Keeping the mouth closed and humming like a bee on the exhales triggers 15x increase in nitric oxide production

Remember how air passing through the sinuses triggered the production of nitric oxide?

Well, the vibration caused by humming takes this stimulation to another level.

Two separate studies have shown that loudly humming led to a 15-fold increase of nitric oxide production when compared to regular, silent nose breathing. 23

Again, that’s a 15x increase over silent nose breathing – if you’re coming from the world of mouth breathing the jump will be even bigger.

Both of these studies were conducted on individuals with sinus issues – basically, chronic congestion or allergies.

By simply humming anywhere from 60 to 120 breaths (ideally several times a day), the patients were able to clear their chronic sinusitis within a matter of days. These were individuals who struggled with these issues for years and had tried just about everything who woke up with clear sinuses after a night of humming.

Still, you don’t have to have chronic sinus issues to reap the benefits of increased nitric oxide production.

Whether you want to decrease inflammation, improve your mood, or just increase performance, nitric oxide is a crucial compound for both your mental and physical health.

How to Hum Your Way To Better Health

Alright, so before you start freaking out your roommates or significant other by humming all the time, let’s clear a few things up – first, in order to reap the benefits of humming and increase your nitric oxide levels, you have to breathe through your nose.

Keep your mouth closed for this entire exercise, even if your nose is relatively plugged up.
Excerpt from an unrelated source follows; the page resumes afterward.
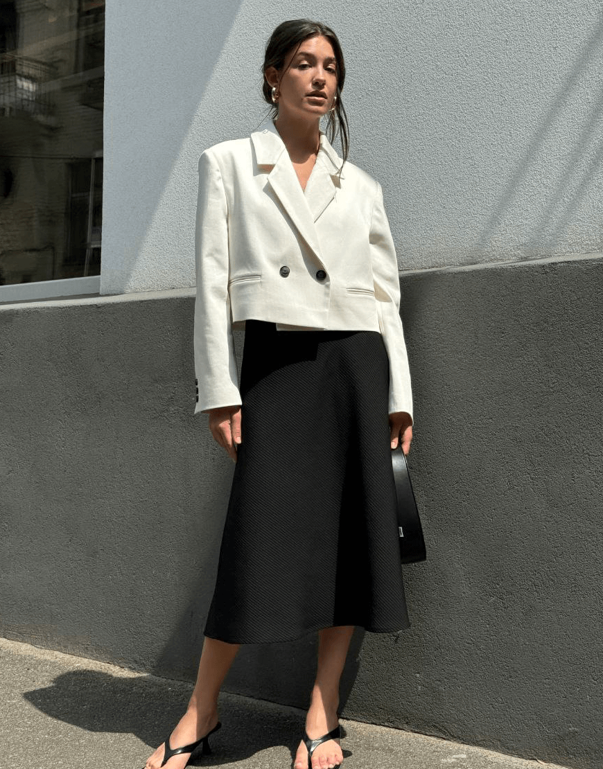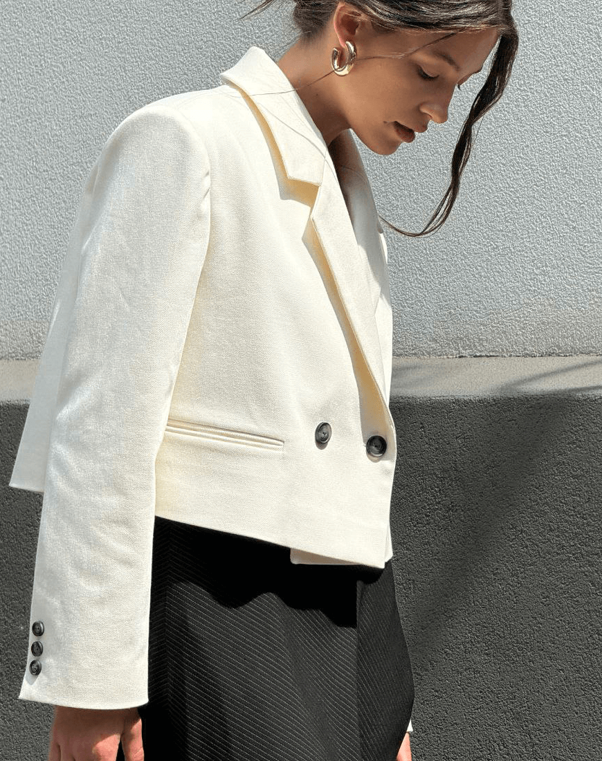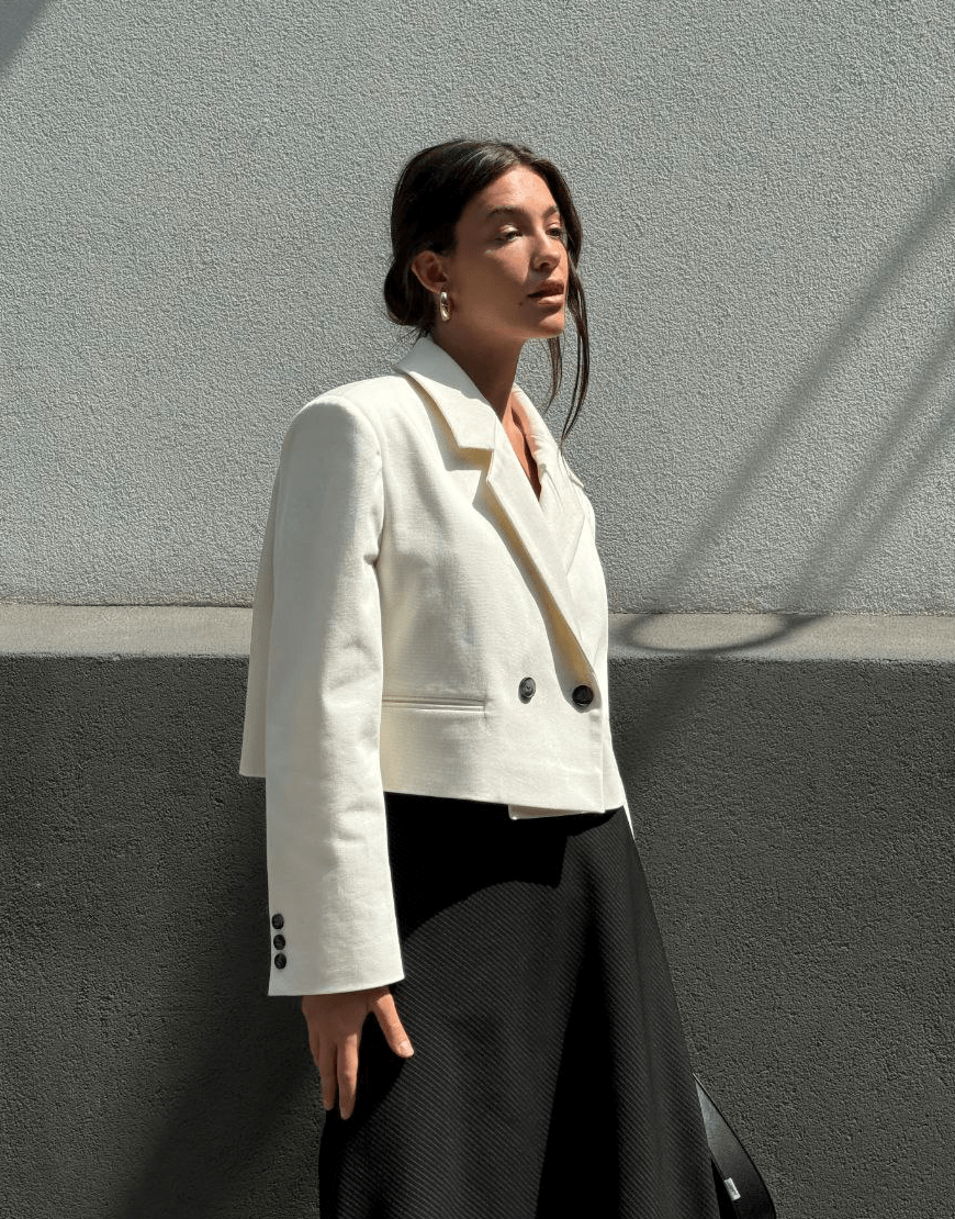Білий вкорочений двубортний жакет з щільного коттону

The increased production of nitric oxide will help clear your nose and prevent congestion in the future.

If you are extremely congested, I recommend using this 3-minute nose unblocking exercise and then returning to this exercise.

Alright, so with a closed mouth, inhale regularly, and then on the exhale, simply hum as loud as you can, like a bee or an insect.

I’ve included a video of myself doing this here:

Draw out the exhale as long as you possibly can before inhaling again – this won’t boost your nitric oxide production, but extending the exhale is a proven way to activate your rest-and-digest mode and reduce stress. 4

Repeat this process as many times as you can. In the study, the participants did 60 to 120 breaths several times throughout the day, but still, doing 1 or 2 humming breaths is better than doing none.

Just fit them in whenever you can and start to make it a habit.

PS: If you want reminders to do this exercise and other guided breathing techniques to improve your health, you can download the One Deep Breath app.

Putting it all together: Why you should incorporate humming into your daily routine

So those humming monks and meditators were so crazy after all, huh? It’s no wonder that humming traditions have been passed down for centuries, and still practiced today.

In this article, we covered a few important topics:

  • What nitric oxide is, and how it can improve your health (immunity, congestion, performance, etc.)
  • Why nose breathing produces 6x more nitric oxide than mouth breathing
  • Why humming produces 15x more nitric oxide than silent breathing

Humming is really one of the simplest, easiest things you can do to improve your health. Just do it when you can, and you’ll start noticing a difference in your health. I’ve been humming daily for a few months now (3-5 minutes a day) and my seasonal allergies have hardly been a problem.  

Humming hasn’t made me a superhuman, but it’s certainly helped me feel less congested, more energized, and healthier.